Claire: I really didn't think you would. I always wanted to say that line and here was my opportunity. I am Claire, by the way. (she extends a hand)

Michael: (taking her hand) I am Michael. Do you usually meet people this way. Moving about the world waiting for an opportunity to dredge up a cliché?

Claire: No. This is my first time in public. Maybe it won’t be my last. I see a life's work ahead of me. Collecting trite expressions and blurting them out at appropriate or inappropriate moments. Now that I think about it, it has been done-----to death. Every dinner party I have ever survived. Oh, well, I must come up with something new.

Michael: It is pretty late, what are you doing here? Perhaps I could have used that line on you.

Claire: Not tonight. Some other time. I simply escaped a dinner party I could no longer endure. And I am the hostess. One of those academic affairs. My husband is a professor. A social necessity, that kind of entertaining. I have been doing it for some time now. But how much boredom can one person put up with? Tonight? Well, tonight I just had to get out or I would have committed suicide right there at the dinner table. Alas, you cannot do too much damage with a dinner knife. Superficial wounds only. Or death by dinner fork. Too funny. I am a serious person. Boredom should be lethal. It would reduce so much stress not to mention the world's population. So here I am. What are you doing here?

Michael: I come here to clear my head. I retired 10 years ago. Over a body of water separating two land masses has become the only place I can think clearly. Not think clearly exactly, more like vacuum my mind. The past haunts, the mind does not rest. For me, here, thought can stop. I can float with the water. Won’t you be missed?

Claire: No, not at this hour. They are polishing off my good brandy and discussing faculty politics. More Machiavellian than Machiavelli, only duller and cheaper. I could spend tonight and tomorrow here before anybody would know that I had jumped the good ship Academia or off the good bridge Brooklyn.

Michael: If you dislike that world so much, why don't you leave it?

Claire: Well, here I am talking to you and not there suffering them. So I do exit. I know, you mean permanently. But go where? The problem with being born into a rich family, c'est moi, is that you soon realize that all worlds are fake. With money, you can trade them in, like cars. I only stopped the process with John, my husband, to become a faculty wife. Besides, I am not as together as I look. I have, how to put it, a problem with this evasive reality. Take a look.

(she steps down to sit at a table at which John is already seated playing with a few utensils as dinner is over)

John: We have to entertain Myers. He has been in the department the longest and I need his support.

Claire: Another one of those dreary dinner parties. It is a good thing I like to cook. Those afternoons at Le Cordon Blue in Paris or with Marcella in Venice have not gone to waste. The only therapy I have ever had that came in useful although I cannot remember the name of the analyst who pushed me in that direction. The list is now officially a directory. I will throw a dinner party for him. Cooking the pasta has proven more beneficial than gluing it in decorative patterns to pieces of cardboard. So, yes, once again I will play the role of faculty wife. I wish I could get used to it.

John: You know they all like you, you're really good at this sort of thing.

Claire:  No, they do not like me.
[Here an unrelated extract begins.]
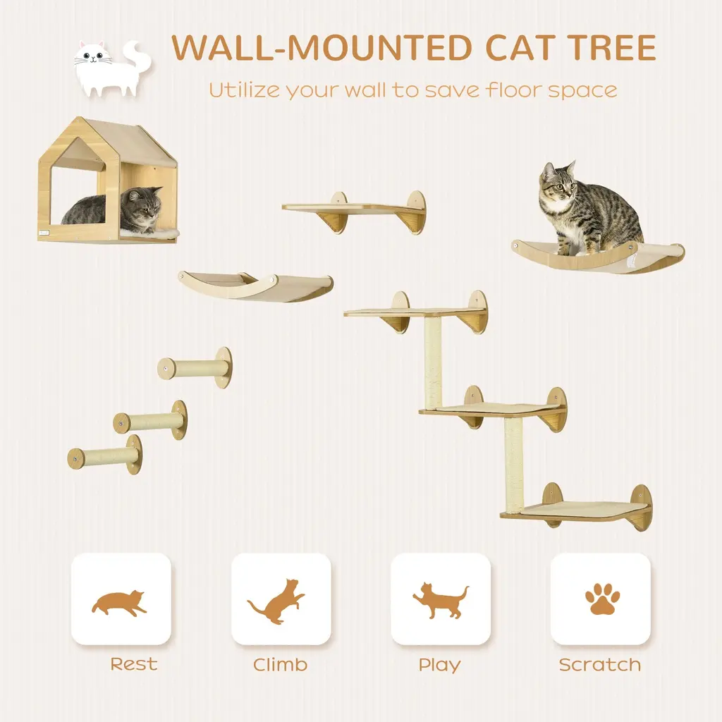 Pawhut Unique Cat Tree Made From Cat Shelves With 10 Levels For More Height, Wall-Mounted Cat Tree Climbing Playground - Oak

They put up with me. Well, it would be more supportive if anyone of those ivory tower inhabitants knew what they were eating here. Food is not a primary concern of theirs. Only that the meal is free. (she looks up at Michael) Pretty ordinary, huh. Here comes the other side of the coin. The dropping of that so-called other shoe.

John: Uh. You know Mark, one of my students. You made dinner for him a few times. You liked his company. And you and he have so much in common. You both really like film, you read some of the same authors. You and he could go to all those French films I find so talky and unbearable.

Claire: John, where is this going? Of course I know Mark. Very blond and very good-looking. Your Waspy student in the trench coat with a pint bottle of gin sticking out of the pocket. I wonder how he manages that. Burberrys have deep pockets. You think the bottle's on stilts or something? Maybe he trains it.

John: Well, I would like him to move in with us.

Claire: And do what? Water the plants? Vacuum? Clean your pipes? Have a pretty boy hang around like a knickknack. Maybe I would be dusting him from time to time. But I don’t dust. Elsie would have to feather him off.

John: Be serious. I am really taken with him.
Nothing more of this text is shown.